AIM OF THE EXERCISE: After locating the line that holds "AC+ Dry Blender System", copy that line and all that follow it word for word through the end of the data, with no pictures.

[Items from a dataset]
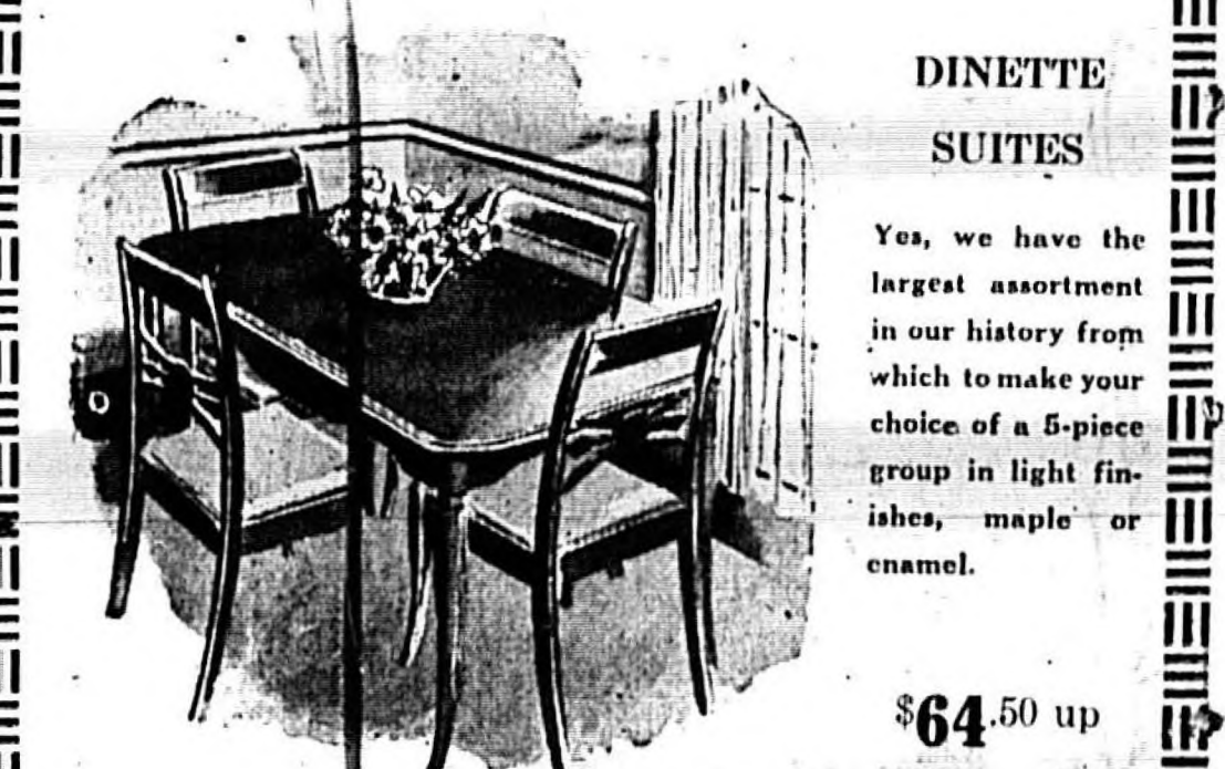
DINETTE SUITES Yes, we have the largest assortment in our history from which to make your choice of a 5-piece group in light finishes, maple or enamel. $64.50 up
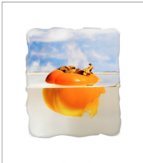
Kaki Island Edition of 5 at 17cm x 15cm
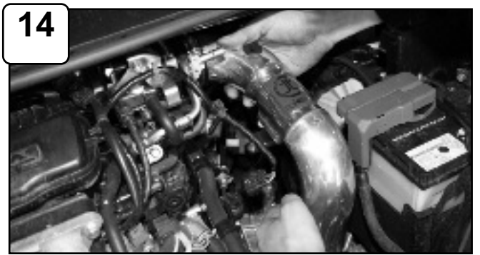
Position tab to mounting point and coupler.
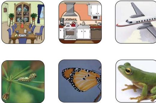
Visually detailed photos and images provide interest and clarity for each lesson.

Some images © 2005 Dorling Kindersley. All rights reserved.
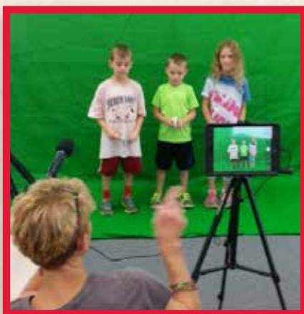
Students creating videos using the new Green Screen technology

The Vicksburg DECA Chapter attended the Michigan DECA Career Development Conference at Eastern Michigan University. This conference allowed the students to network with other schools and businesses to form partnerships, and learn how other schools operate their DECA Chapters.
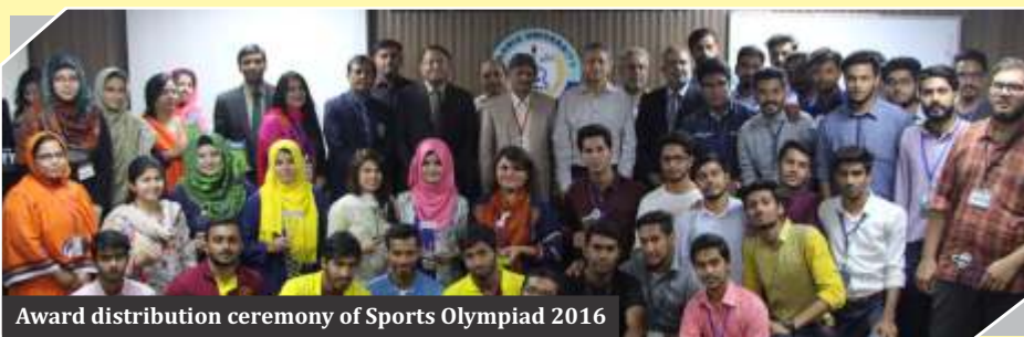
Award distribution ceremony of Sports Olympiad 2016
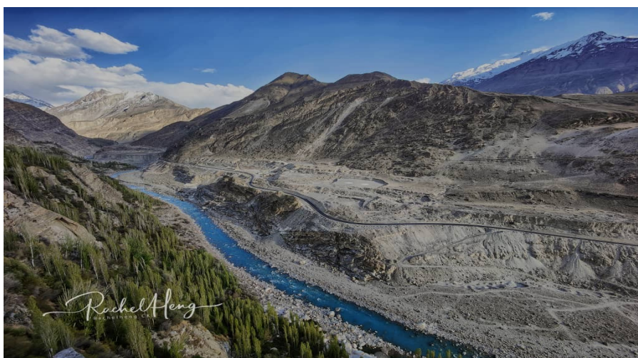
View from Baltit Fort

Baltit fort: One of the high valleys between China and Indian subcontinent. Facing Rakaposhi Peak, one of the highest mountain peaks in the world, Baltit Fort is poised majestically above Karimabad, the present day capital of Hunza (Baltit was the capital of the old state of Hunza and is now included in the Karimabad settlement area).
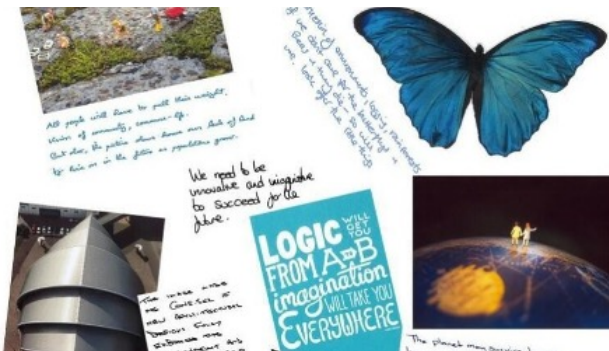
cropped section of Imagining Desirable Futures Poster created by Dr Saratsi
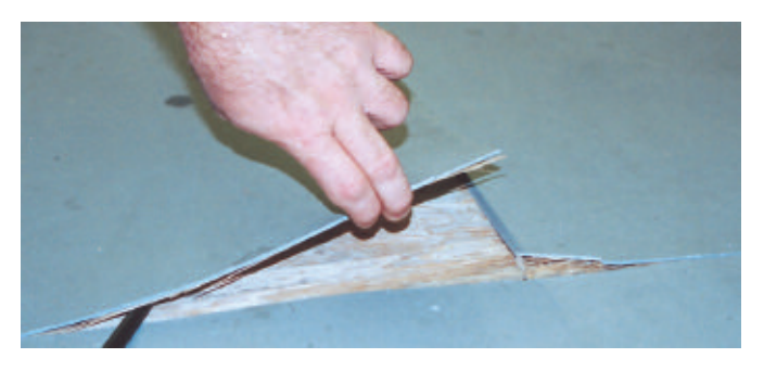
Floor problem with poly-deck

By August 2005, the balance of the original poly-deck flooring was causing additional problems for Polo. Cornerstone Specialty Wood Products was brought back in to replace the rest of the original 120,000 square feet of poly-deck with ResinDek.
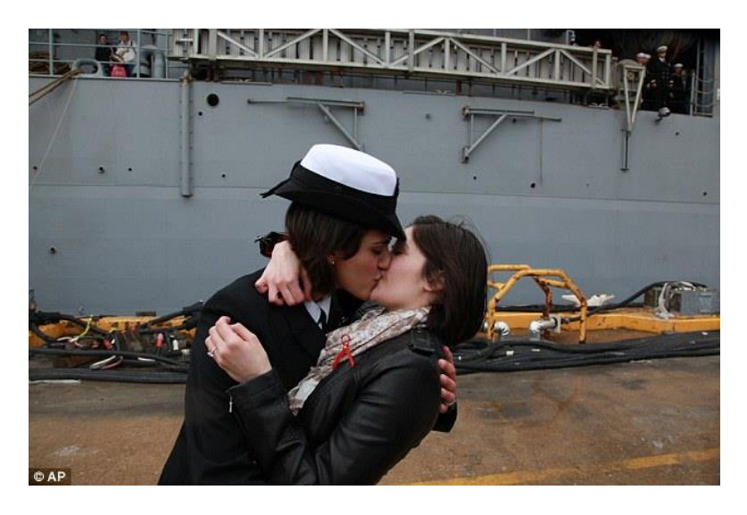
Figure 4.1 dailymail.co.uk, 23 December 2011

of the military. Instead of questioning the active recruitment of lesbians and gays into imperialist wars, we can celebrate their love. These couples can now be "defined only by their love, a love assumed to be untouched by the violence of the state" (Nair et al. 2012).
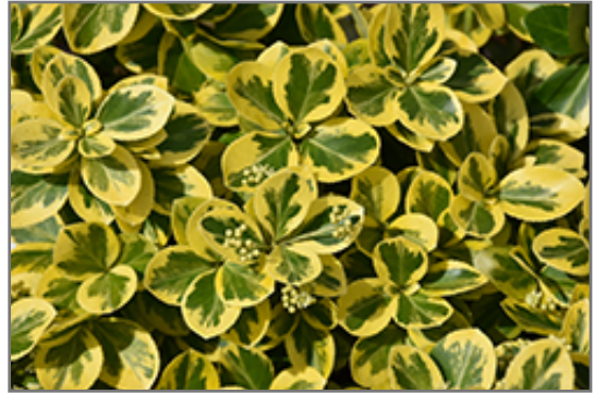
Gold Splash Wintercreeper flower buds

This shrub performs well in both full sun and full shade. It is very adaptable to both dry and moist locations, and should do just fine under typical garden conditions. It is not particular as to soil type or pH. It is highly tolerant of urban pollution and will even thrive in inner city environments, and will benefit from being planted in a relatively sheltered location. This is a selected variety of a species not originally from North America.
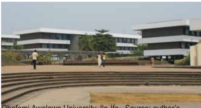
Obafemi Awolowo University, Ile-Ife.
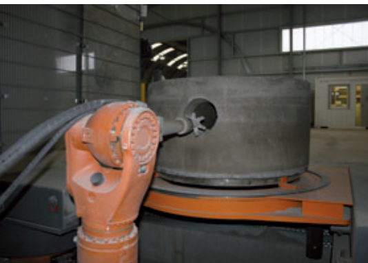
Once a connection has been milled, the robot arm moves back and the manhole is automatically turned to the next milling position.

Prinzing GmbH Anlagentechnik und Formenbau Zum Weißen Jura 3 · 89143 Blaubeuren, Germany T +49 7344 1720 · F +49 7344 17280 info@prinzing-gmbh.de · www.prinzing-gmbh.de www.top-werk.com
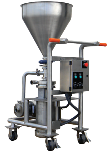
AC+ Dry Blender System
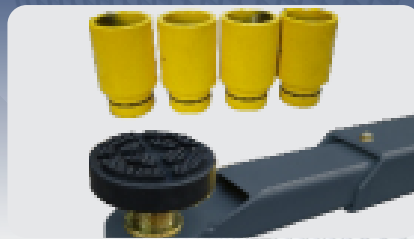
Both insert and screw rubber pads with 3" extension adapters
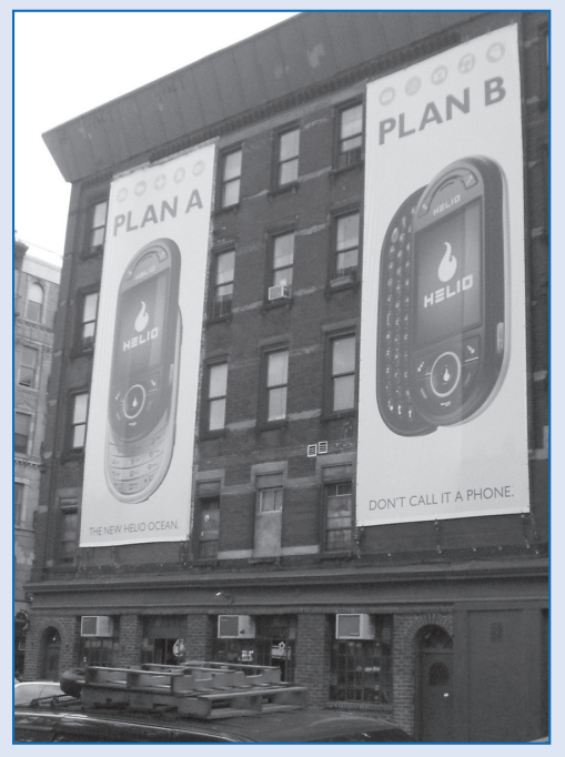
108 Avenue B, one of several locations from which GVSHP was able to get illegal billboards removed; many more remain, however.

GVSHP has established an illegal billboard tracking and monitoring system to report and seek the removal of these signs throughout our neighborhood. Though we face an enforcement and adjudication system that is extremely lax in its response to illegal billboards, we have succeeded in getting billboards, we have succeeded in getting billboards removed in the Meatpacking District, the East Village, and Noho, and in getting violations issued against dozens more throughout the Village. But many, many more remain. Call or e-mail us to report an illegal billboard; see www. gvshp.org/GansvBlbd.htm
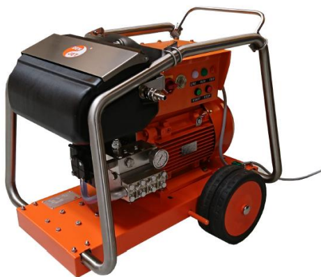
CE 20 Series
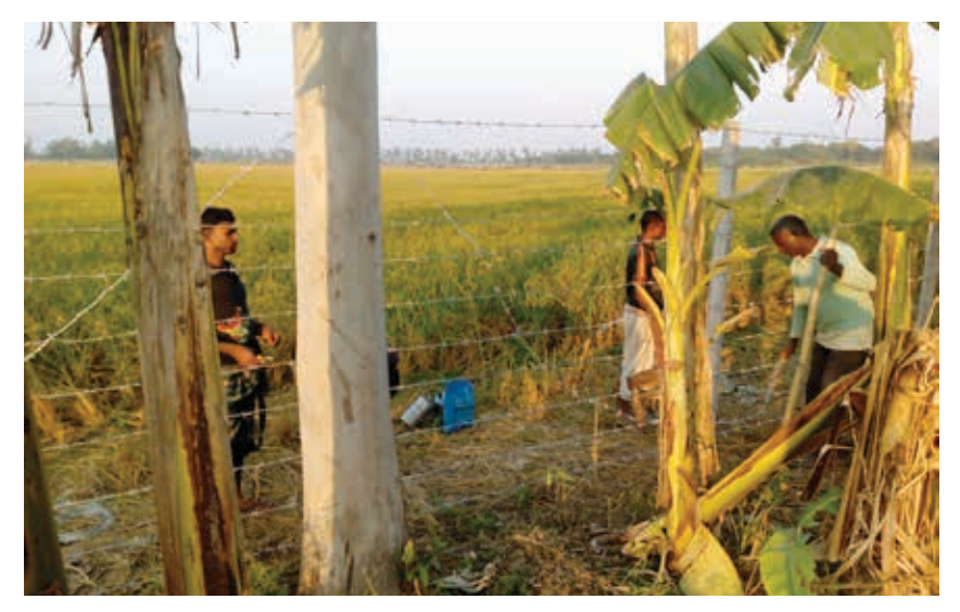
Rangpur Sugar Mills surrounded the farmland with barbed wire.

On 7 November 2016, Rangpur Sugar Mills workers plowed the land where the huts had been destroyed with tractors and planted rice in order to remove any evidence of the burned huts. The remaining belongings of the Santal were looted by Rangpur Sugar Mills workers in the presence of police.<sup>101</sup> Rangpur Sugar Mills workers also fenced off the whole area with barbed wire.
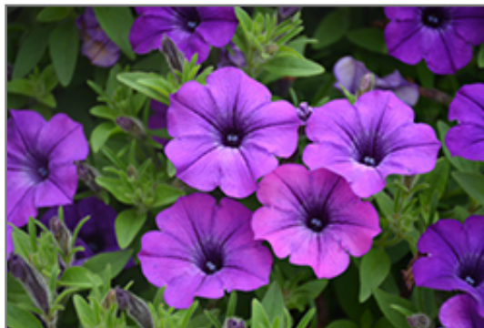
Supertunia Indigo Charm Petunia flowers

FINAL ANSWER:
AC+ Dry Blender System
Both insert and screw rubber pads with 3" extension adapters
108 Avenue B, one of several locations from which GVSHP was able to get illegal billboards removed; many more remain, however.

GVSHP has established an illegal billboard tracking and monitoring system to report and seek the removal of these signs throughout our neighborhood. Though we face an enforcement and adjudication system that is extremely lax in its response to illegal billboards, we have succeeded in getting billboards, we have succeeded in getting billboards removed in the Meatpacking District, the East Village, and Noho, and in getting violations issued against dozens more throughout the Village. But many, many more remain. Call or e-mail us to report an illegal billboard; see www. gvshp.org/GansvBlbd.htm
CE 20 Series
Rangpur Sugar Mills surrounded the farmland with barbed wire.

On 7 November 2016, Rangpur Sugar Mills workers plowed the land where the huts had been destroyed with tractors and planted rice in order to remove any evidence of the burned huts. The remaining belongings of the Santal were looted by Rangpur Sugar Mills workers in the presence of police.<sup>101</sup> Rangpur Sugar Mills workers also fenced off the whole area with barbed wire.
Supertunia Indigo Charm Petunia flowers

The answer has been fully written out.